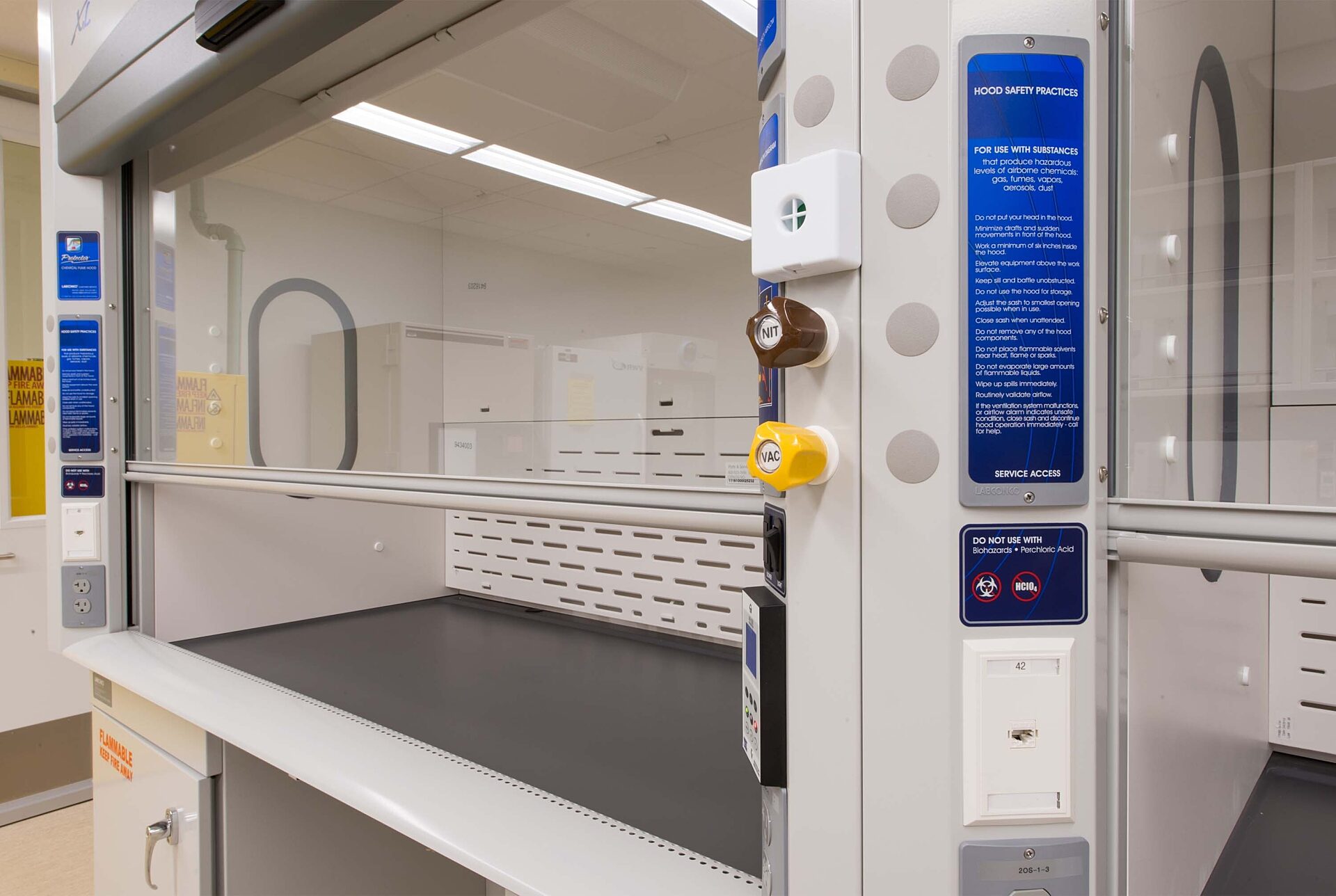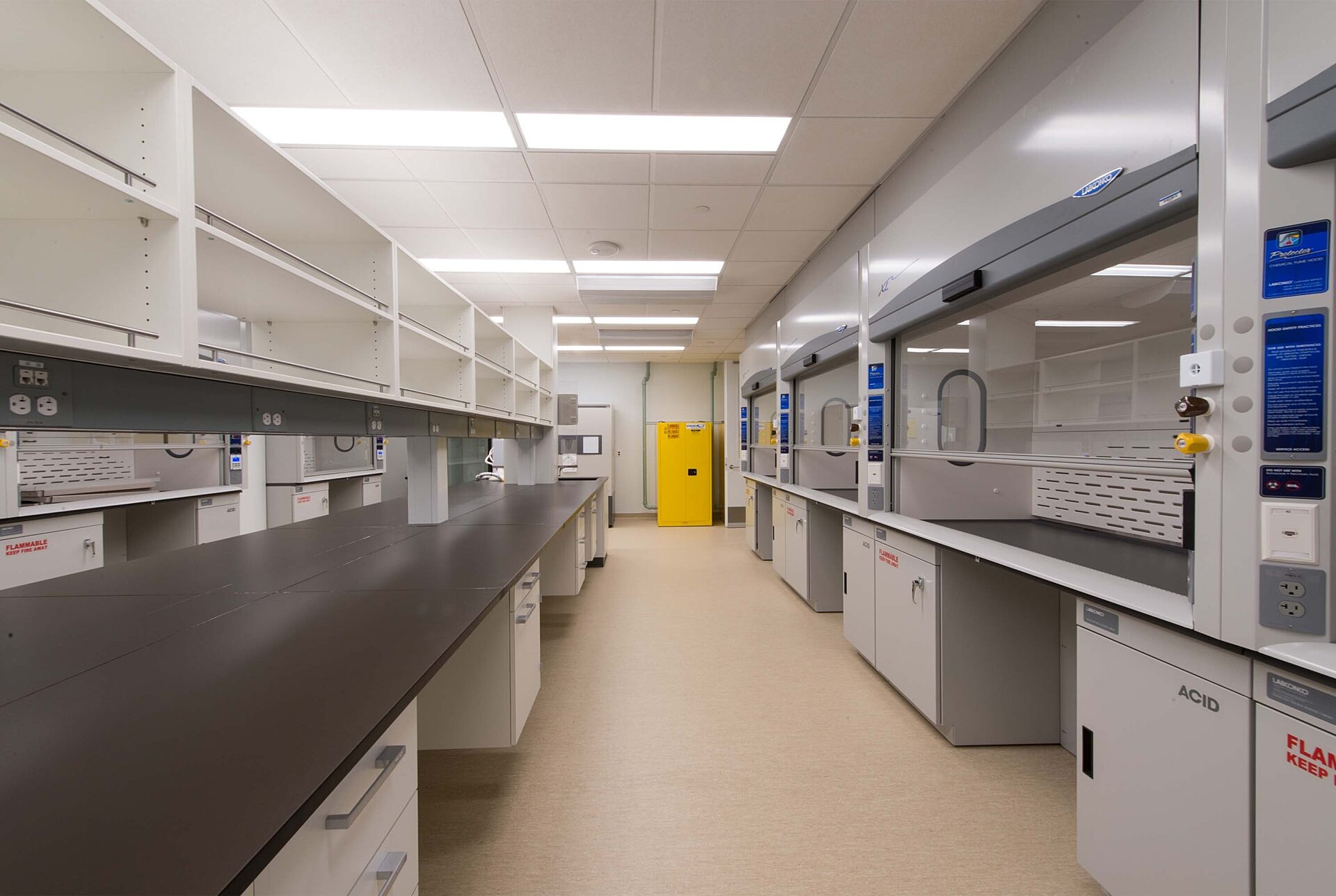 The Novo Nordisk Room 511 Lab was converted from a freezer farm to a wet lab. The conversion included renovation of the room’s existing lab benches, and the installation of a large robotic freezer unit. Further improvements included: new lab benches, a base sink cabinet, a bio-safety cabinet, centrifuge, ceiling tiles, and painting throughout.
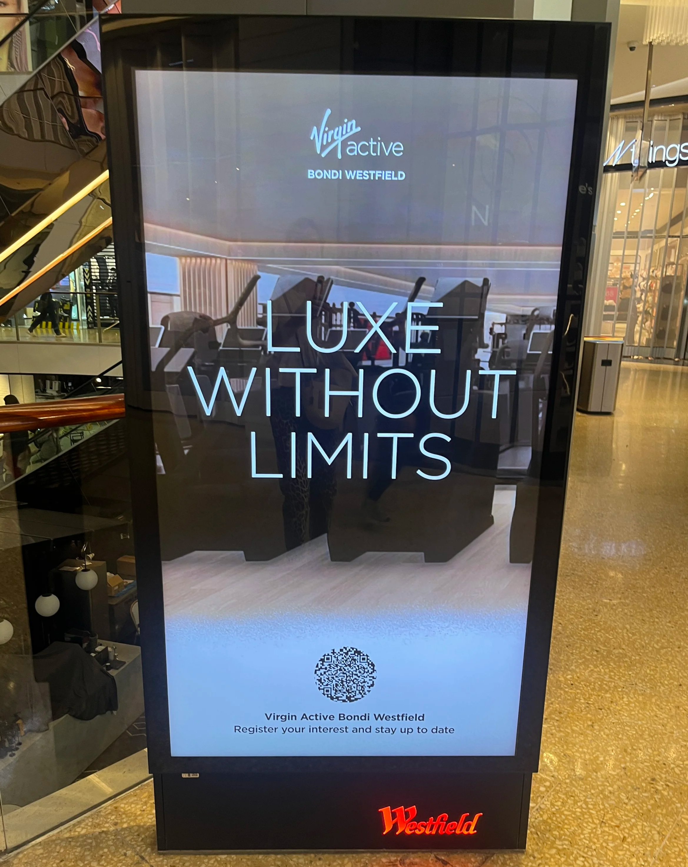 The copy positioned Bondi Westfield as Virgin Active’s new luxe destination for the Eastern Suburbs: a complete luxury lifestyle under one roof where workout meets wellness meets whatever-you-want.
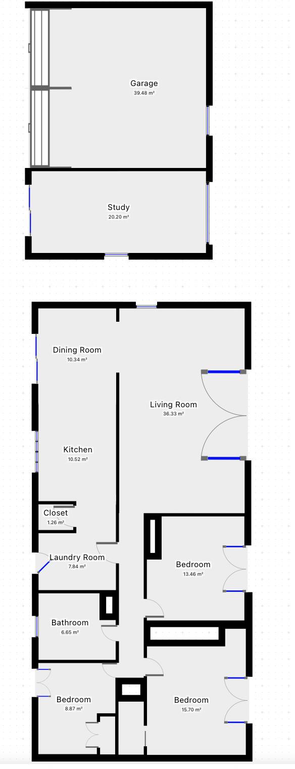 ~ Large 2 bay garage with roller doors, 3rd bay has been converted to a study/office
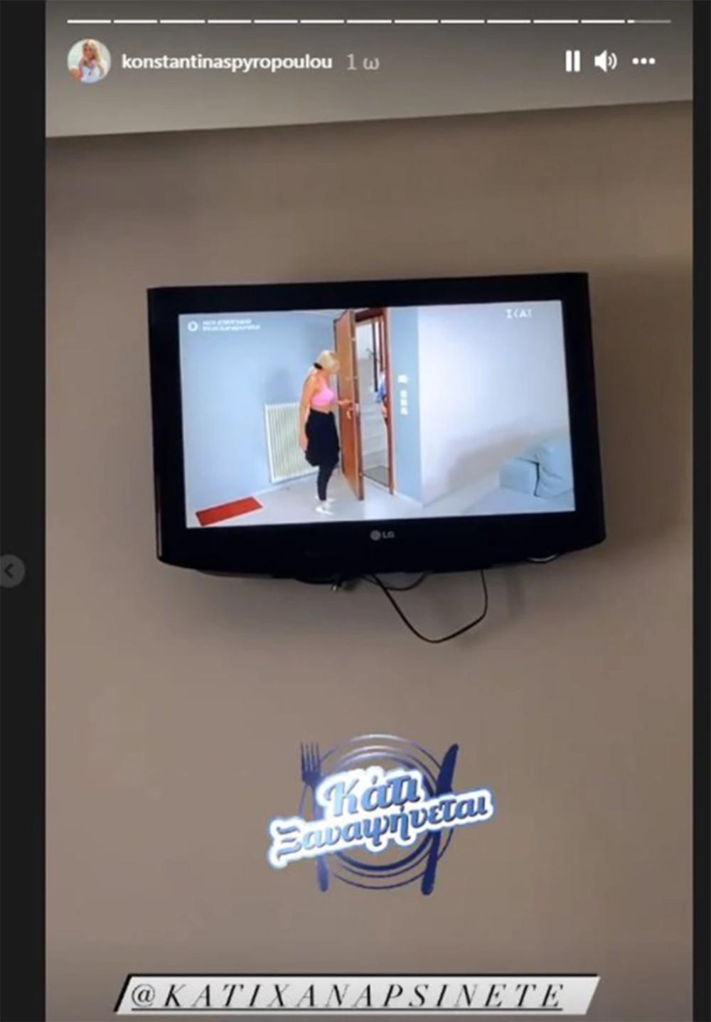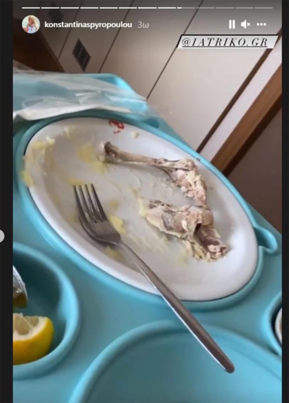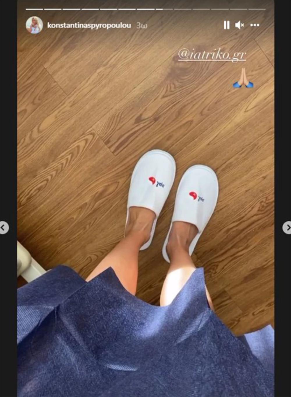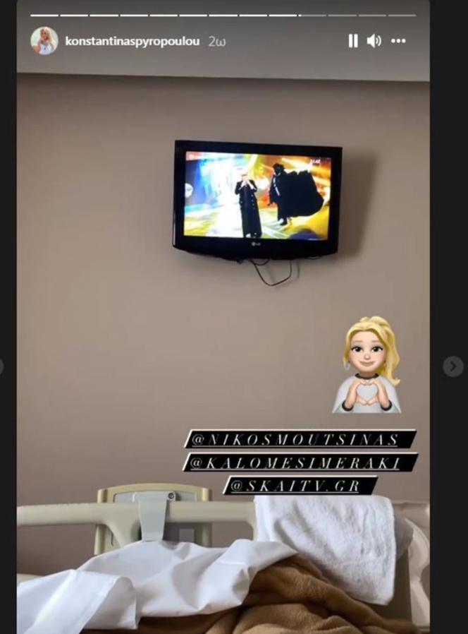Στην πρώτη φωτογραφία η Κωνσταντίνα Σπυροπούλου δείχνει τα πόδια της, όπου και διακρίνεται να φοράει τη μπλούζα του νοσοκομείου. Στην επόμενη η παρουσιάστρια διευκρινίζει πως η όρεξη της, αν και νοσηλεύεται, δεν έχει μειωθεί ενώ στα επόμενα stories παρακολουθεί τηλεόραση.
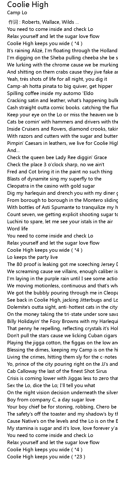 | [03:23.44] | Coolie High keeps you wide 23 |
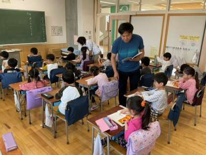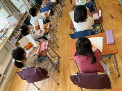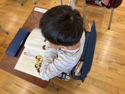 国語の時間です。「あさの おひさま」一つ一つの言葉を大切にしながら、声に出してていねいに文章を読んでいます。
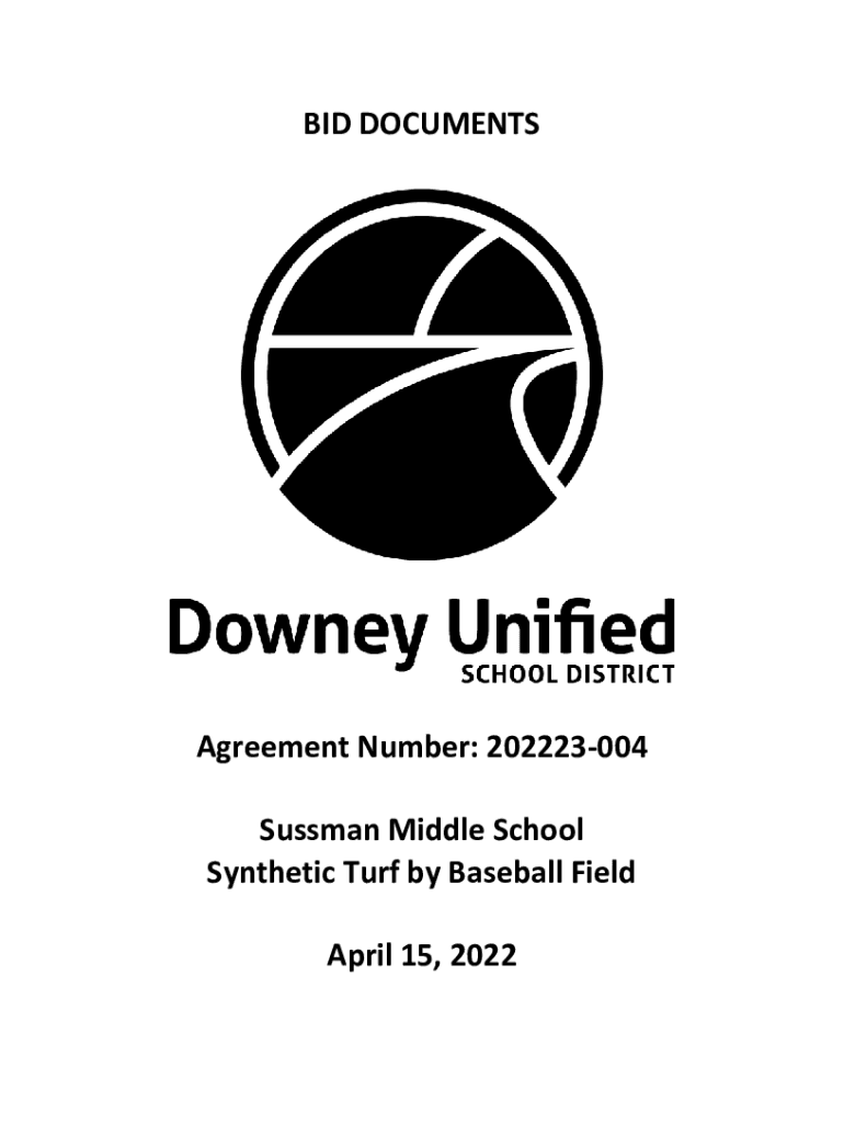 BID DOCUMENTSAgreement Number: 202223004 Suss man Middle School Synthetic Turf by Baseball Field April 15, 2022NOTICE INVITING INFORMAL BIDS Notice is hereby given that the governing board (Board)
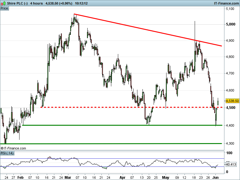 1. Will the price fall towards lows of 4300p (-5.1%)? or;

◆ ◆ ◆ ◆

Only the lines from the first line of the listing above through the line with "国語の時間です。「あさの お" should be set down, exactly and without pictures.

● Result of the exercise
 The Novo Nordisk Room 511 Lab was converted from a freezer farm to a wet lab. The conversion included renovation of the room’s existing lab benches, and the installation of a large robotic freezer unit. Further improvements included: new lab benches, a base sink cabinet, a bio-safety cabinet, centrifuge, ceiling tiles, and painting throughout.
 The copy positioned Bondi Westfield as Virgin Active’s new luxe destination for the Eastern Suburbs: a complete luxury lifestyle under one roof where workout meets wellness meets whatever-you-want.
 ~ Large 2 bay garage with roller doors, 3rd bay has been converted to a study/office
Στην πρώτη φωτογραφία η Κωνσταντίνα Σπυροπούλου δείχνει τα πόδια της, όπου και διακρίνεται να φοράει τη μπλούζα του νοσοκομείου. Στην επόμενη η παρουσιάστρια διευκρινίζει πως η όρεξη της, αν και νοσηλεύεται, δεν έχει μειωθεί ενώ στα επόμενα stories παρακολουθεί τηλεόραση.
 | [03:23.44] | Coolie High keeps you wide 23 |
 国語の時間です。「あさの おひさま」一つ一つの言葉を大切にしながら、声に出してていねいに文章を読んでいます。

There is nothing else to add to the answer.